January 17. Nisman spent the day preparing for the “informal” presentation before a congressional committee headed by opposition lawmaker Patricia Bullrich (PRO), with whom he spoke to several times that week. Both emphasized that the hearing on Monday would be secret, while the ruling party tried to push for it to be publicly broadcast.
January 19, 00:08: BuenosAiresHerald.com reporter Damián Pachter tweeted that the body of fiscal Nisman had been found in a pool of blood and he wasn’t breathing.
The shocking news triggered a chilling hypothesis that even influential global analysts agreed with.: The Argentine government used the murky intelligence services to eliminate the man who was about to prove its complicity with Iranian terrorists.
January 20: Federal judge Ariel Lijo released Nisman’s complaint after figuring out that no Intelligence Secretariat agents were mentioned in the complaint.
Meanwhile the president and her staff began sending out hypotheses about murder or suicide, suspects, inconsistencies and strange details.

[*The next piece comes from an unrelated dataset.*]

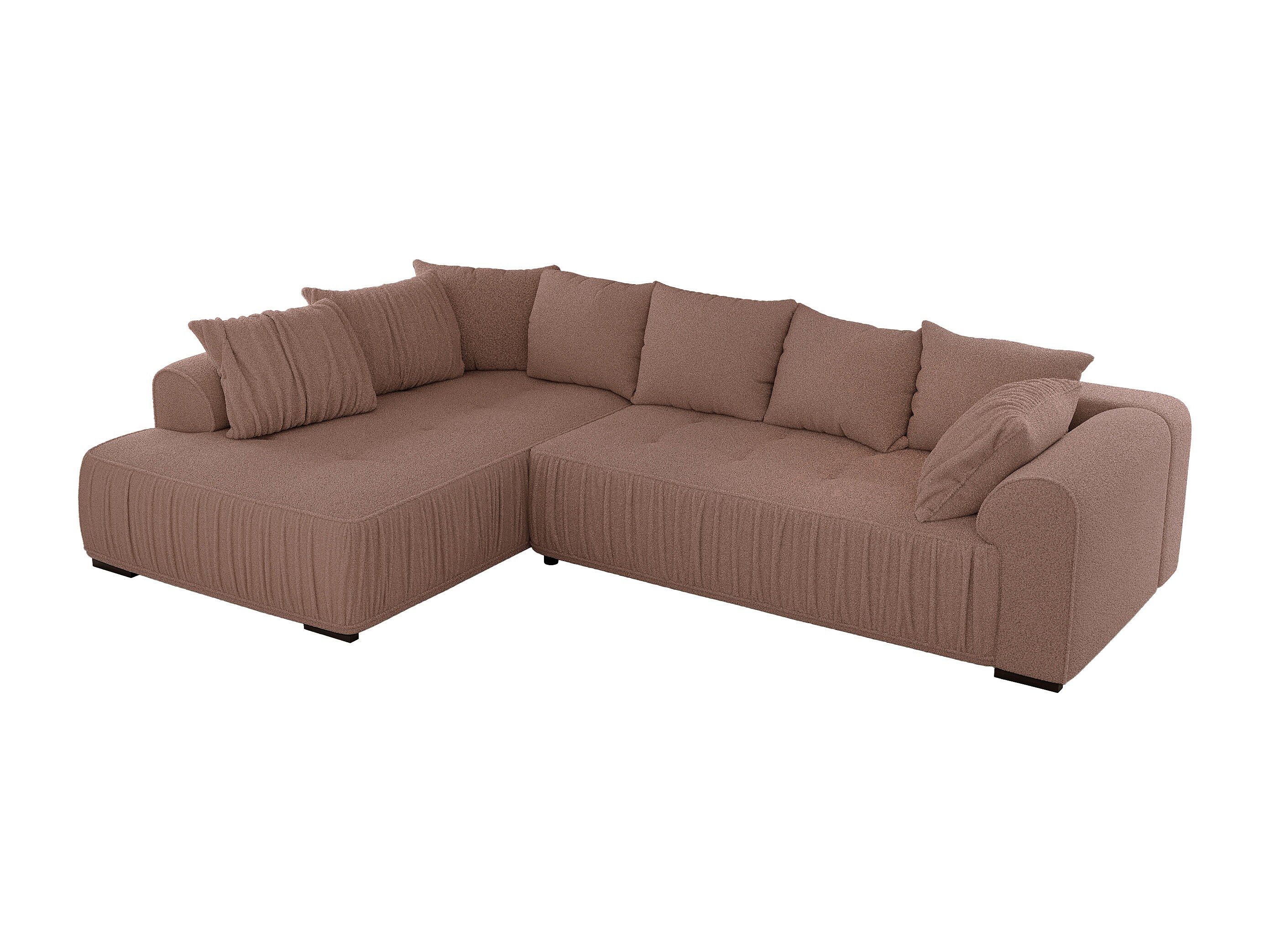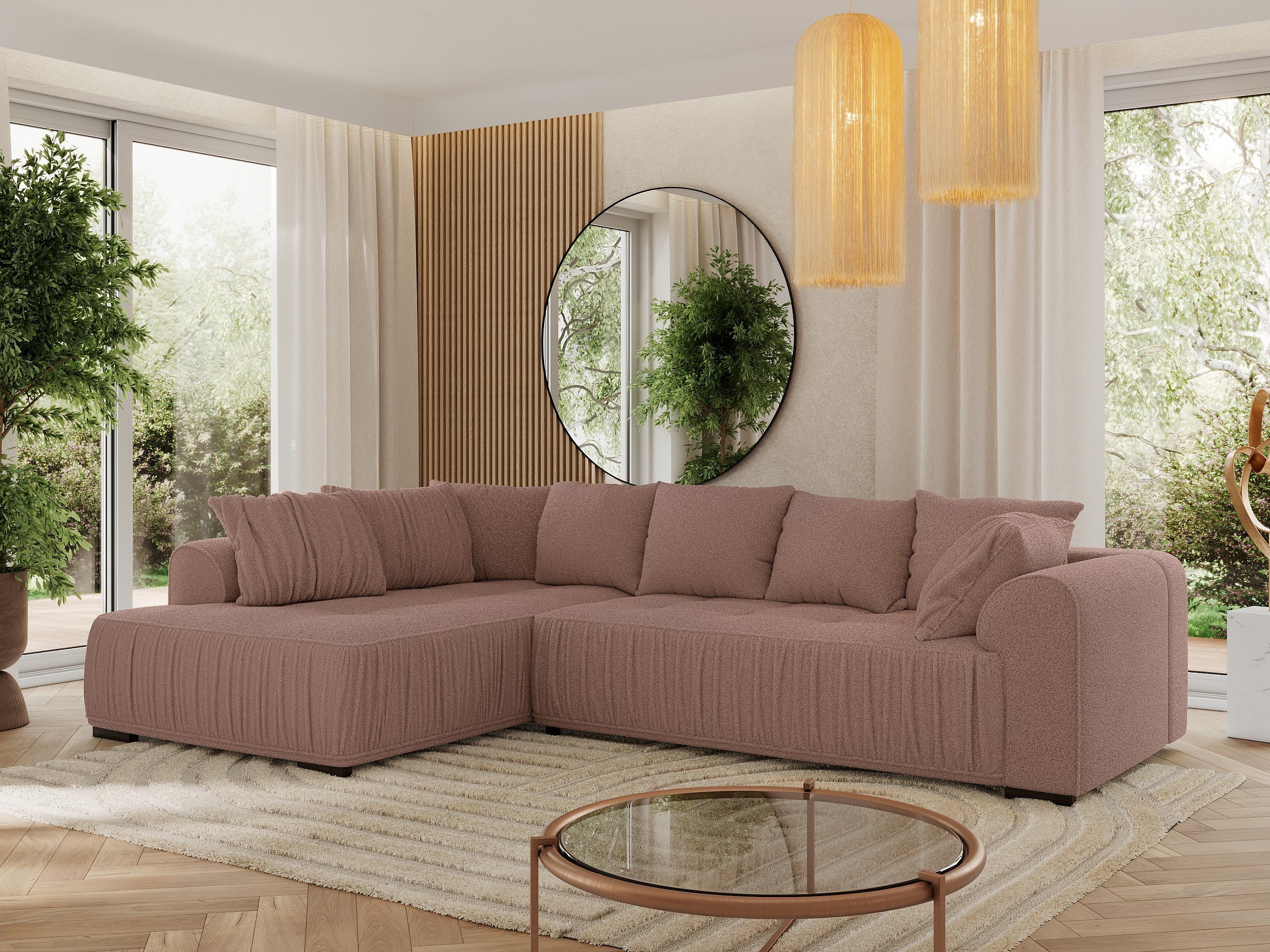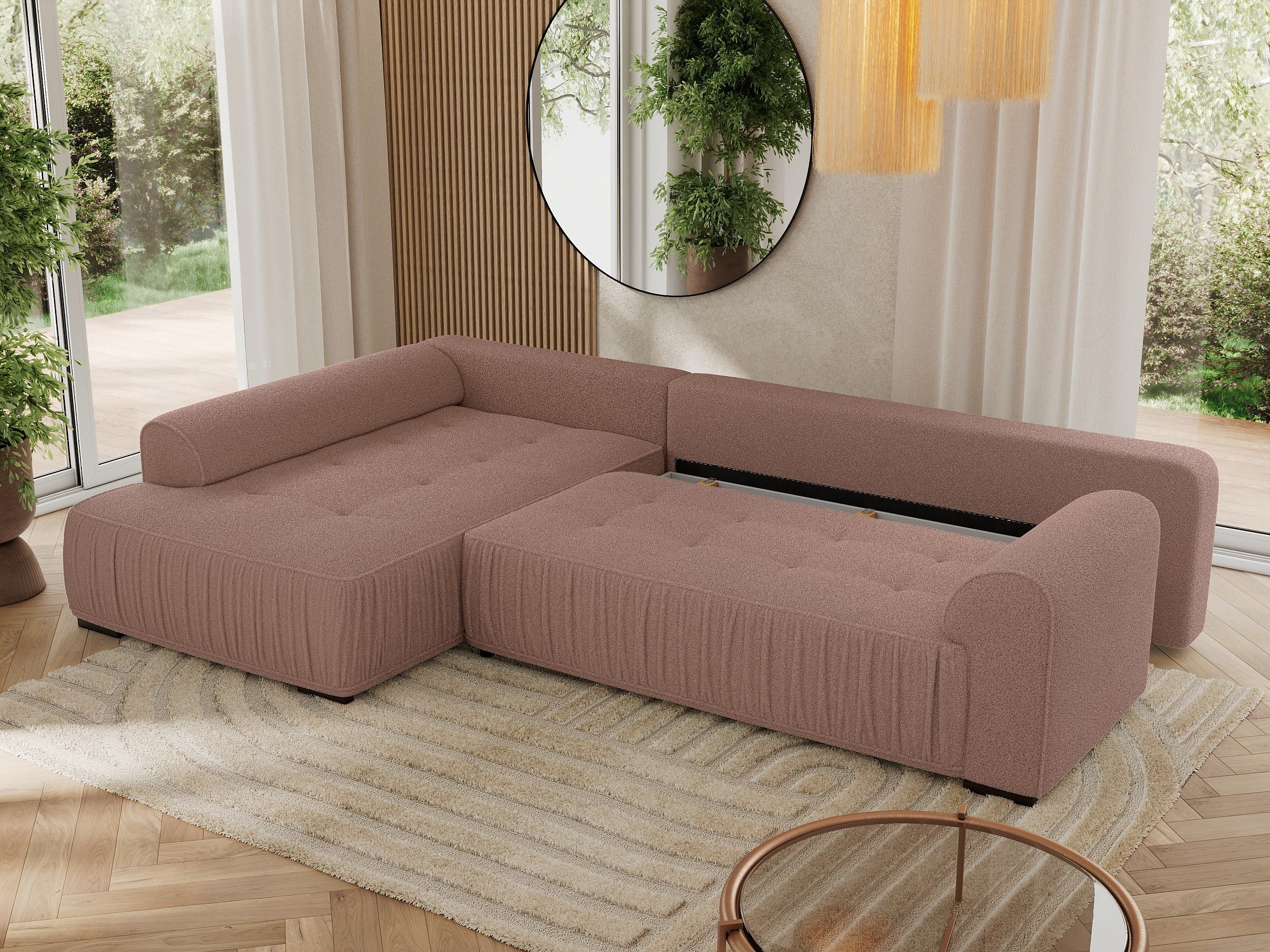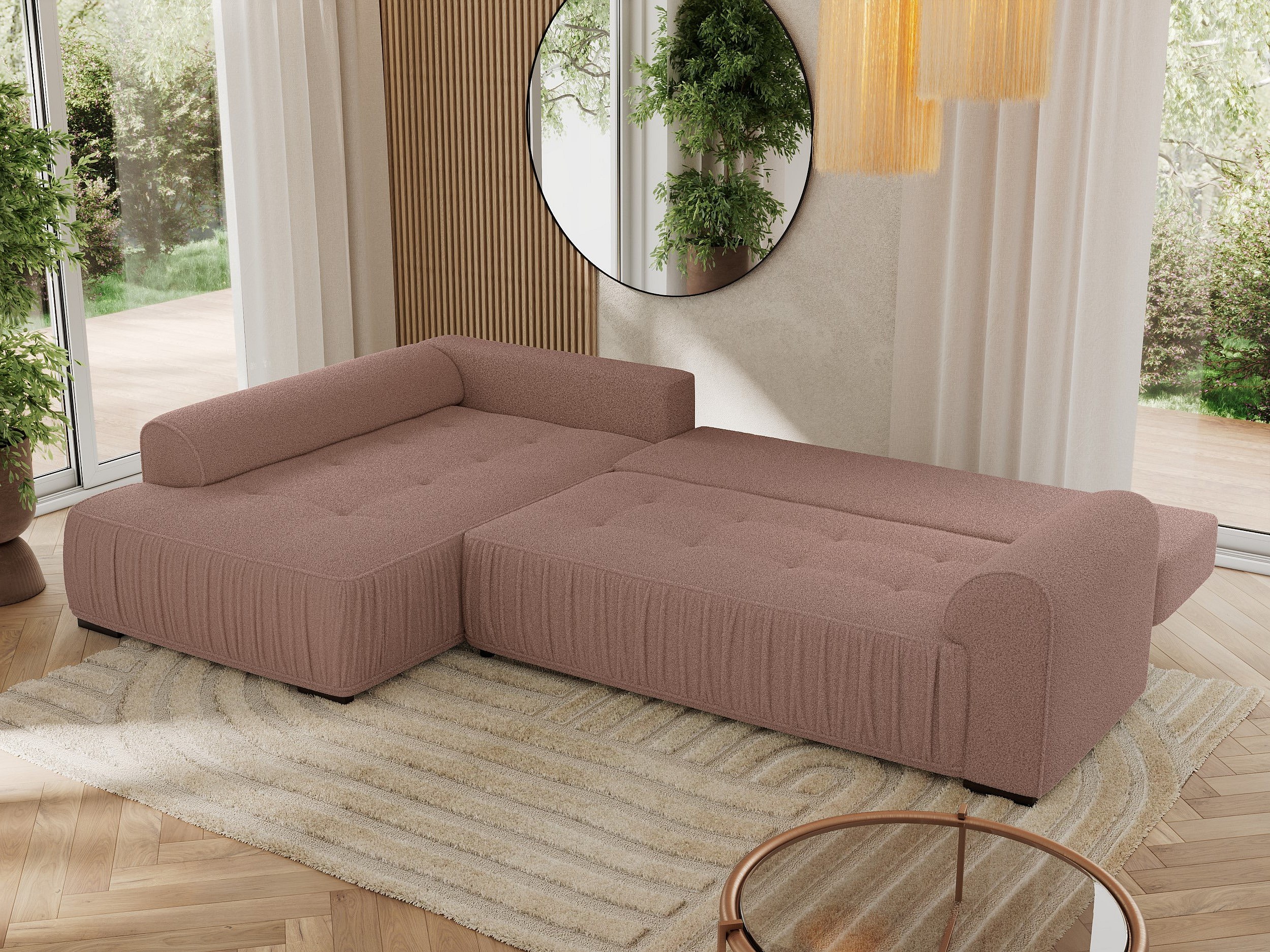 Ecksofa ORTA - Schlaffunktion und Bettkasten, lose Kissen, gesteppter Sitz, L-förmige Ecke - Rosa Boucle - Ecke Links

It has been said many times in this newspaper — the Executive branch is entitled to defend itself and explain its arguments but not to imagine guilt aloud, even less blaming with unproven data. Rather than appear as guarantor of a serious investigation, the Presidency collides with itself, including the ineptitude of those community managers running the @CasaRosada account.
Everything makes sense. A prosecutor who accused the head of state dies under mysterious circumstances. The Executive, which has tolerated, backed and worked with intelligence agents operating beyond the democratic framework — like every government did in some way since 1983 — appears as a clear suspect.
Everything makes sense but... Nisman’s complaint seems groundless according to lawyers, pundits and legal sources. The evidence is weak and its assumptions of impunity for Iranians not only didn’t become true but they were also contradicted by the US official who led Interpol between 2000 and 2014. Nisman’s timing for filing of the charges isn’t easy to understand either — years of repetitive telephone wiretaps, which led to an urgent return to the country from Europe. More than dead, the government needed Nisman alive to challenge his arguments.
Federal judge Ariel Lijo has been given the floor. Lijo, with whom the prosecutor had filed the complaint against Fernández de Kirchner, the foreign minister and others, understands the concept of political timing. He is not exactly a Pink House ally, but unlike some of his colleagues, he wouldn't rule based on nothing. Maybe the decision to dismiss the complaint, transfer it to another court, downsizing the seriousness of the allegation — has been made. The question is when it will hapen.